Let’s figure out how to deal with this.
First off, sometimes it’s a good choice to simply ask your teen to keep their door closed, and leave the mess to them to deal with- or not deal with. If you don’t like seeing a messy room, this is one way to avoid it. If you do the laundry and so have to enter the room to put things away, or have to go in there to retrieve dishes, perhaps there’s room for a deal here. Maybe your teen can do or put away their own clothes, or agree to bring dishes out of their room every night (and possibly even wash them!)
This doesn’t work for some parents. And in the end, you are the parent, and you are providing housing for your teen. Here are some common arguments from teens about why they shouldn’t have to clean their room, and some talking points to discuss in response.
There’s no point.

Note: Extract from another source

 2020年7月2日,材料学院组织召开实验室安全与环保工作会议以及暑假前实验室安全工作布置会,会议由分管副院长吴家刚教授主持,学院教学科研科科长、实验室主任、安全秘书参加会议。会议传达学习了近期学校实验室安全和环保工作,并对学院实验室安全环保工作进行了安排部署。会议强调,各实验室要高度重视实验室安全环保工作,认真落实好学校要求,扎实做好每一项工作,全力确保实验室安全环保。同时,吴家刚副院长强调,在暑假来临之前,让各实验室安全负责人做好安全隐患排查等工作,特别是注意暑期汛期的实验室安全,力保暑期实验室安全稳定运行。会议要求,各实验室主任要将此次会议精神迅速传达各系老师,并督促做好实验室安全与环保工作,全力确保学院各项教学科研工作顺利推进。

To a certain limit, this is true. If your teen has no trouble finding things, and their room does not contain any biohazards like rotting food or dirty dishes, why should they clean their room? This isn’t a rhetorical question. Why is a clean room important to you? Do you feel tense when you’re around disarray? Do you feel like it shows respect for the living space that you and/ or your spouse/ partner maintain and pay for? Do you feel like it’s a skill they need to develop for later life? Know your reasons, and share them.
Your room/ house isn’t clean, why should I clean? If your teen points out that parts of the house, or the whole house, is unkempt, you might point out all that you do (that is applicable): parent, work, cook, pay bills, maintain a living space, drive kids everywhere, help out your spouse/ partner, etc. If they don’t want to clean their room, how about they help you make meals, drive around younger siblings, do some chores around the house, or help you sort through bills to pay? Then you will have more time to clean and “set a better example.”

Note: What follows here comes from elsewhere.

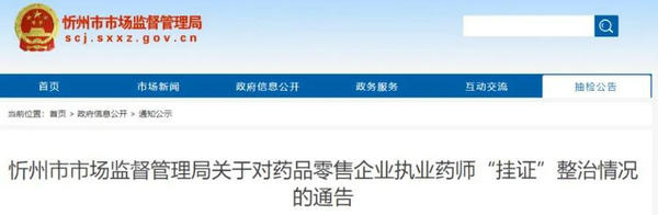 自從國(guó)家加大對(duì)執(zhí)業(yè)藥師“掛證”現(xiàn)象的打擊力度,就經(jīng)常聽(tīng)到“掛證”被查的消息,最近又有忻州市市場(chǎng)監(jiān)督管理局發(fā)布通告,對(duì)本市的22名“掛證”執(zhí)業(yè)藥師進(jìn)行查處和公示,具體如下:

It will just get messy again. That’s true of pretty much every inhabited room in the universe. Entropy takes its toll. This is why regular cleaning and tidying of any place helps keep it neat and under control. Ideally, your teen isn’t cleaning their room just once.
I have better things to do. I have to say, I have felt like this in my adult life as well. Cleaning is usually not fun, unless you’re one of those people who enjoy cleaning (I am in awe of them.) But keeping a space clean will take less time than the arguments and final huge cleanup end up taking.

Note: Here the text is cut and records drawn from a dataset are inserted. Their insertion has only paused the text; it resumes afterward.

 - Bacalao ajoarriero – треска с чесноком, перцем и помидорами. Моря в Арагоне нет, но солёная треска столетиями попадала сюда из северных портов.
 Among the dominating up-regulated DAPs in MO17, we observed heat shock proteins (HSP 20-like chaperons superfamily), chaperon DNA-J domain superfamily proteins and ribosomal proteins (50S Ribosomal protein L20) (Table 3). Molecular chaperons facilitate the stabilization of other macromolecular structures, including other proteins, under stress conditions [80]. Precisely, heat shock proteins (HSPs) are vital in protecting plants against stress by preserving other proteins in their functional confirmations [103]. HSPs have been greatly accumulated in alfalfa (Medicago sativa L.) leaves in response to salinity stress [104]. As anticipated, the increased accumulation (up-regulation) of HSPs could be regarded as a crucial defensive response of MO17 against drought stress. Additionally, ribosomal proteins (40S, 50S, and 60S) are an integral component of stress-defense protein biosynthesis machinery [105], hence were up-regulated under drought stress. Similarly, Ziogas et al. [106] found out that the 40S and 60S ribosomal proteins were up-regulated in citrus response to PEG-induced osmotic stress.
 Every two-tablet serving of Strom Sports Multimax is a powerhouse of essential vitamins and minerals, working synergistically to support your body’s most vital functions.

I feel better with it this way. This might well be true.You can probably tell how valid it is by your teen’s response if you have ever tried to clean things up. Do they calmly let you tidy up their space, or do they stop you and tell you that you don’t need to? If they feel better with their room this way, and you feel worse, perhaps some compromise is in order. What drives you nuts the most? Clothes on the floor? Empty soda cans? Scattered school papers? Perhaps you can pick one or two things that bother you, insist on those being cleaned, and forget the rest.
It’s my space. Again, this is a valid point. It’s great for a teen to have their own space, if possible (sometimes it isn’t and everyone survives just fine). They may feel like their room is the only place they have that’s theirs, and you are trying to nose in and tell them how to keep it. Again, this is time for a compromise- not only on cleaning what you think are the worst offenses, but discussing how your teen can make it their own space. Posters? Photos? Decorations? Perhaps if you agree to help them decorate their room the way they want to, they can agree to keep it cleaner.
Any other ideas on how to end this sometimes ongoing battle?